A second limitation is the cross-sectional nature of the study. This firstly limits our assessment of the construct validity as it relates to the sensitivity of the instruments to detect changes over time, which would be relevant to the context of economic evaluation. This will be one of the subjects of our continued research. Additionally, we used cross-sectional data for lung function and disease specific HRQoL instruments that were within 12 months of the survey completion. While this may be acceptable in most cases, progression of the disease can be quite varied, and this timeline may not be ideal in the case of rapid progressors [47].

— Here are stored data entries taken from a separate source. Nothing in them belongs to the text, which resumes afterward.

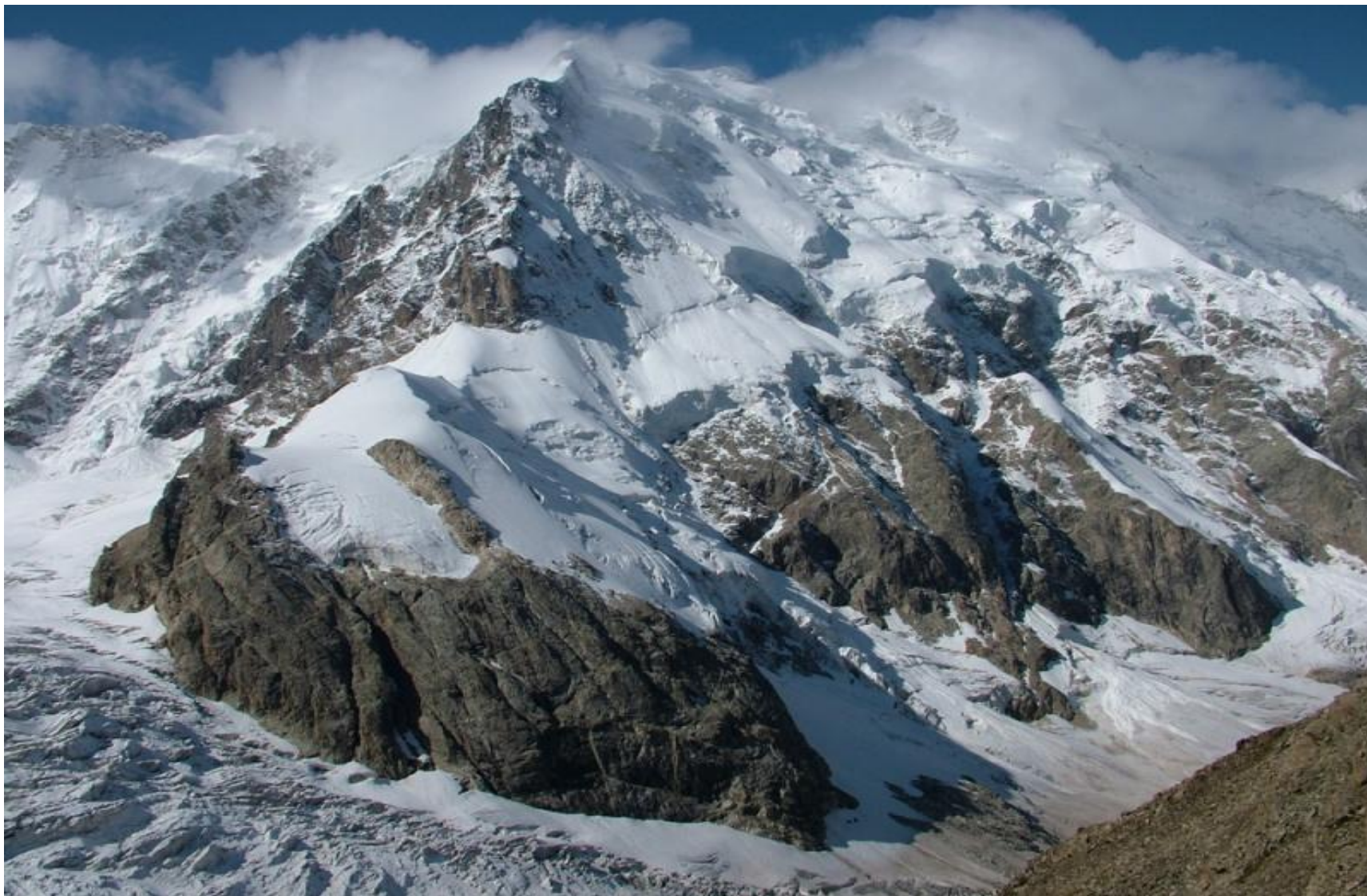
ВЕРШИНА ГЛАВНОГО КАВКАЗСКОГО ХРЕБТА ДЖАНГИТАУ – 5058 м
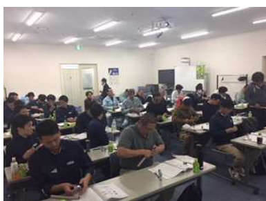
ガス可とう管資格研修
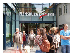
FLENSBURG GALERIE Flensburg
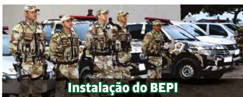
Instalação do BEPI
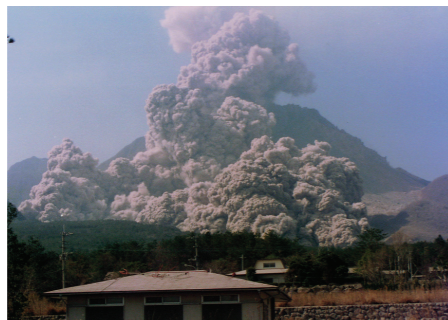
民家に迫る火砕流(1991,5,26)
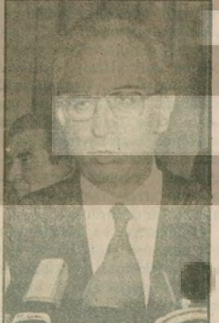
İtalya Başbakanı Cossiga

MSP'nin «16 şartı», bakanlık pazarlığına dönüşüyor
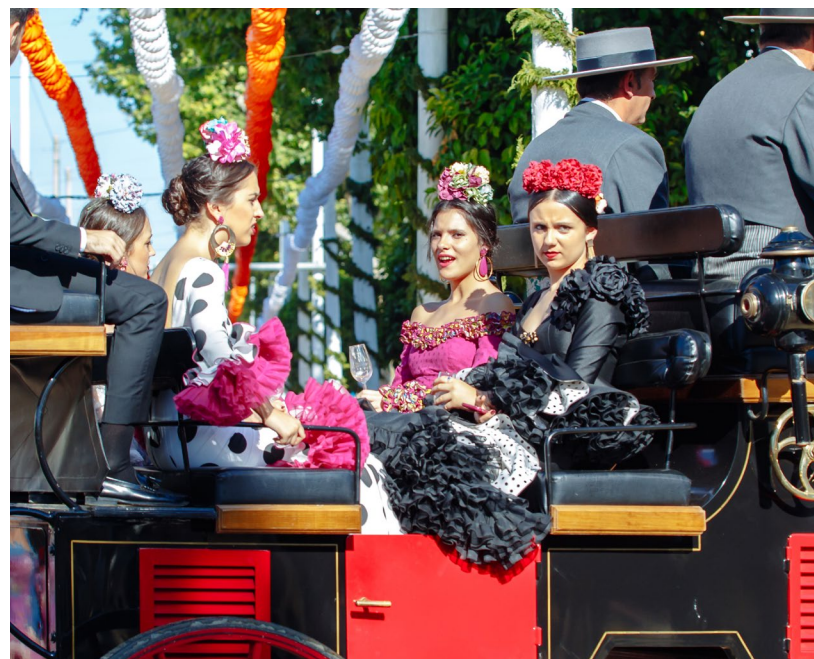
▲ FRÜHLINGSFEST FERIA DE ABRIL SEVILLA

📍 Wo: Sevilla (Andalusien) Wann: im April www.visitasevilla.es
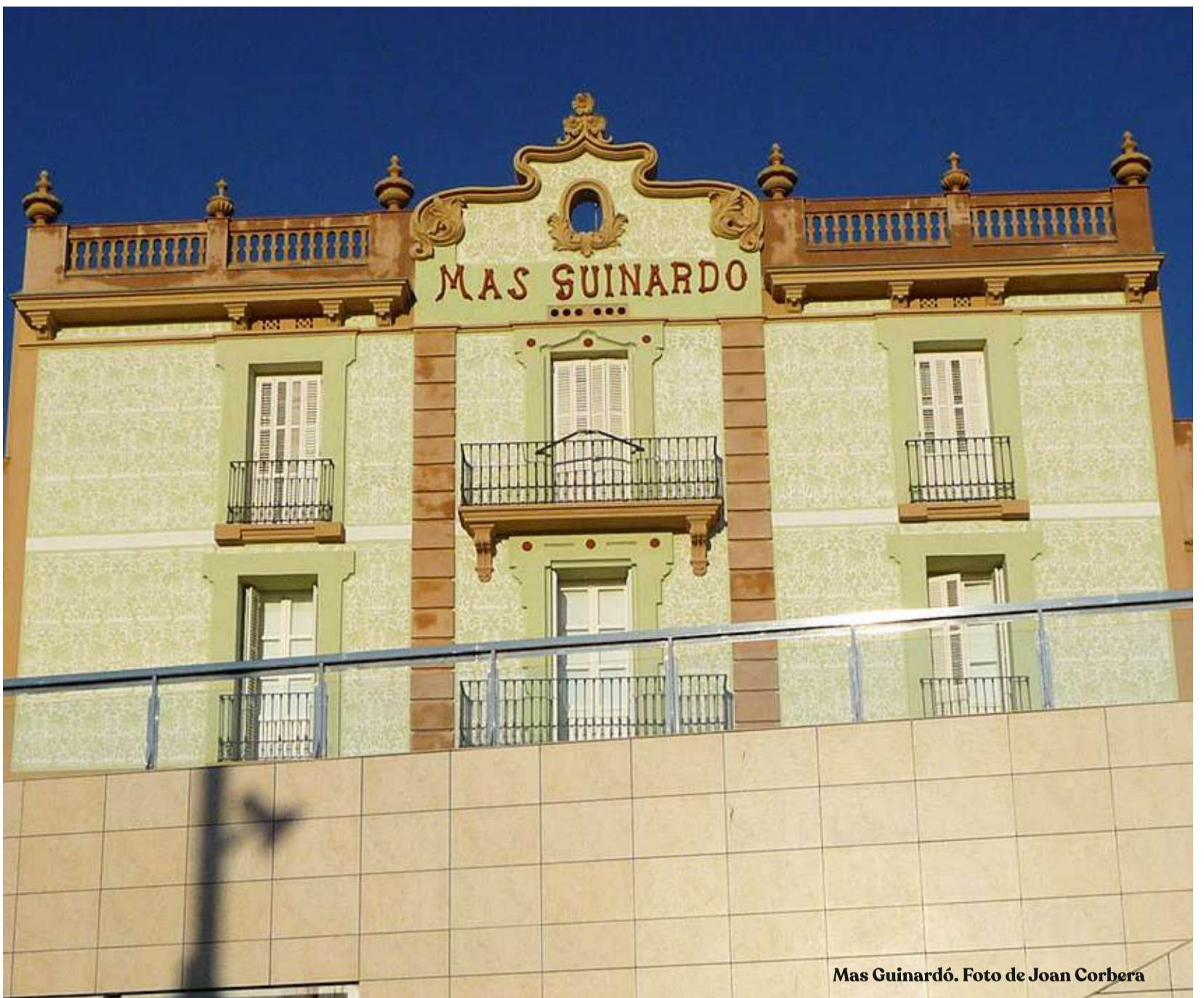
Mas Guinardó.

A further limitation of this study is that we did not compare the instruments based on content and structural validity while this is an essential part of validating an instrument for use in a specific population, this was not the aim of this study. A comprehensive validation of both instruments will be the focus of our future work. Our analysis however demonstrated that the behaviour of the two instruments in this cohort was in line with previous evaluations of content validity which demonstrated a predisposition of the content of the EQ-5D to measure physical deficits/attributes of HRQoL and the AQoL to measure psychosocial deficits/attributes [5,6,7,8,9, 43, 44].

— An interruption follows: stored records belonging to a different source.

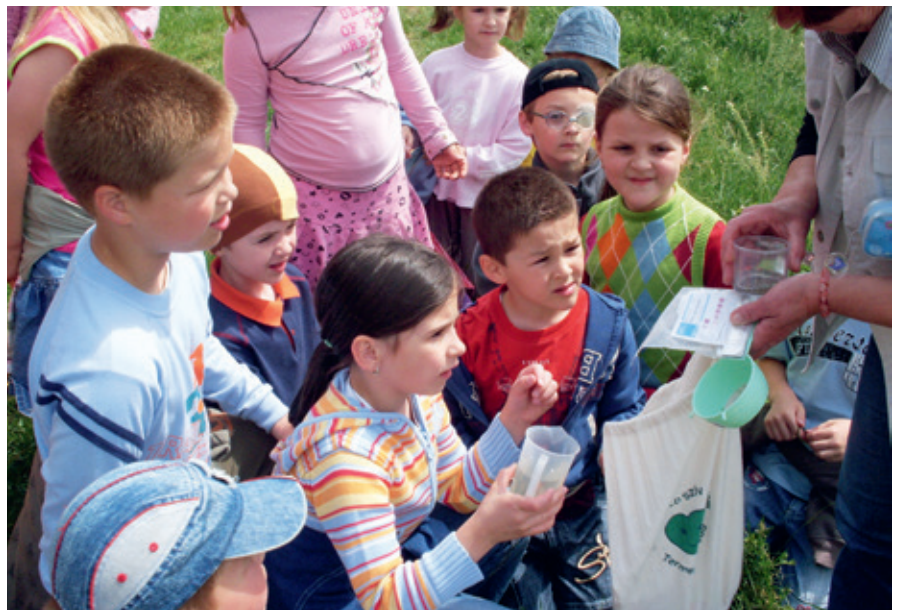
► Vízvizsgálat Gyulán 2009-ben

ti és pedagógiai konferenciával, és emlékfá ültetéssel ünnepeltük meg. Nagy elismerés számunkra, hogy a Nemzeti Múzeumban nyílt „A mi időnk '89-'90” című kiállításon a történelmi események bemutatása mellett (pl. Nagy Imre újratemetése, a vasfüggöny átvágása stb.) a Zöld Szív relikviái is helyet kaptak.
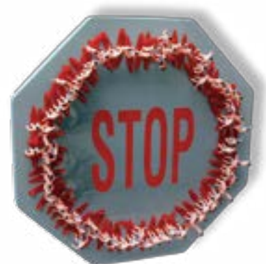
Stop. France. Gérard Decoster SurfingMemory, coll. Gérard Decoster
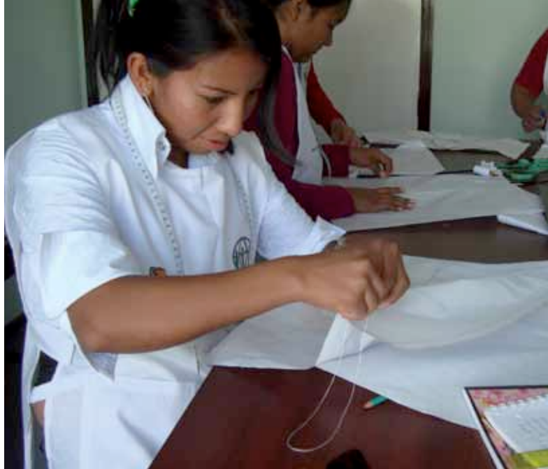
> Curso de corte y confección.
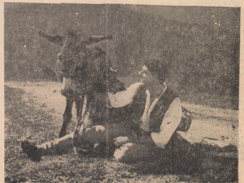
IN CLIȘEU: O scenă din film.

Trebuie lichidată practica Sfatului popular al comunei Oarda de Jos, ca de altfel și a altor sfaturi populare comunale, de a se ocupa
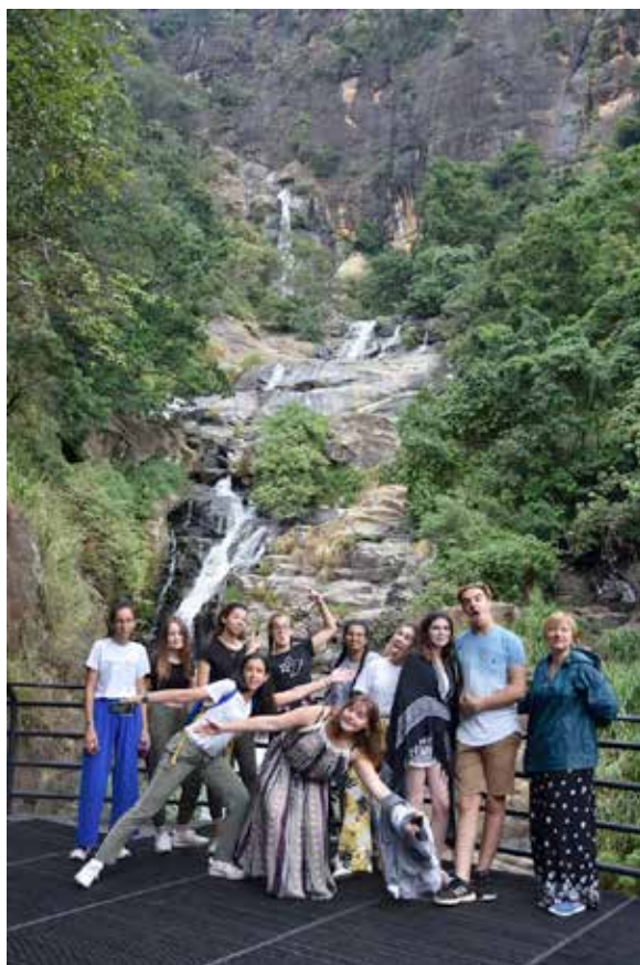
Sur la route ...
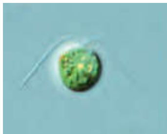
Slika 1. Jednostanična alga s dva biča ( Dunaliella sp. )
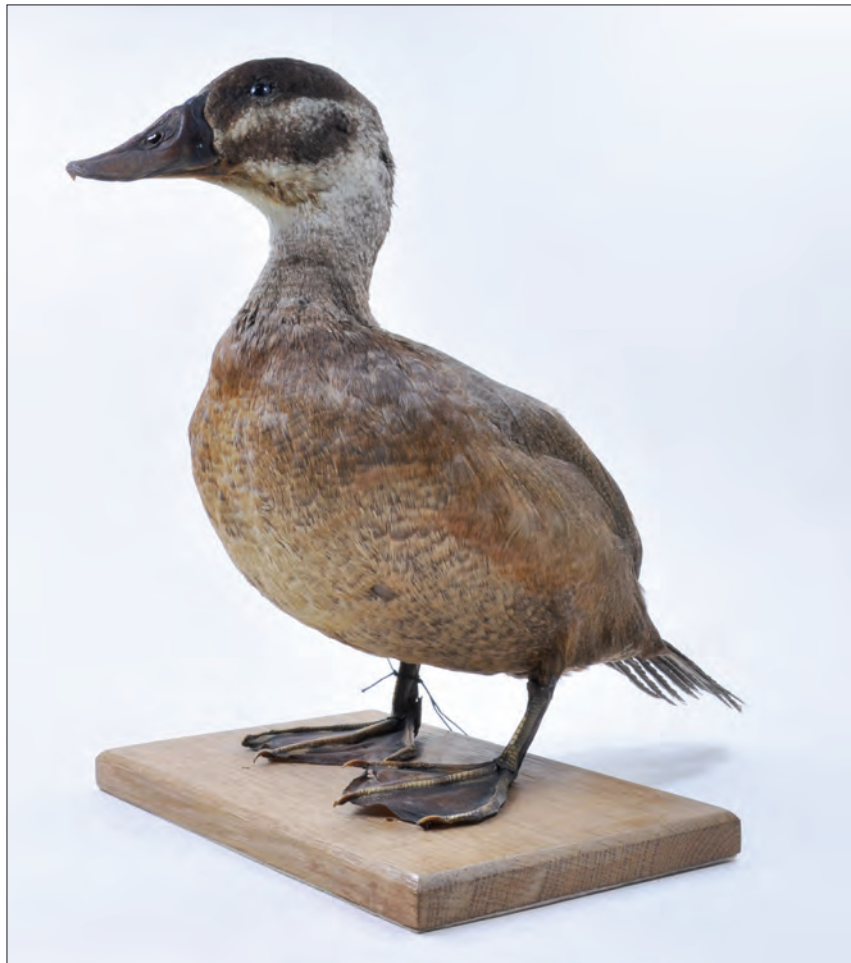
▲ De witkopeend van het Schollevaarseiland, maart 1851; collectie Natuurhistorisch Museum Rotterdam, NMR 9989-001296.

Finally, the assumptions used in the estimation of the EQ-5D-5L HSUVs, however the sensitivity analysis conducted in our previous study demonstrated that the values generated from the cross walk method [14] and UK value set were similar to the estimates generated from the Australian value set [4]. Despite this, we will update the analysis once a published value set is available from EuroQol, although we do not believe this will change our outcomes.

Conclusion

In selecting a MAUI for economic evaluation in a specific disease area, it is important to understand their descriptive systems and their innate characteristics as it relates to the disease being evaluated. Our study, the first of its kind, aimed to assess this for the AQoL-8D and EQ-5D-5L. Our findings suggest the EQ-5D-5L is the preferred instrument in for use in IPF based on the criteria evaluated, given its inherent sensitivity in measuring physical attributes related to HRQoL, and the debilitating physical effects of the symptoms of IPF.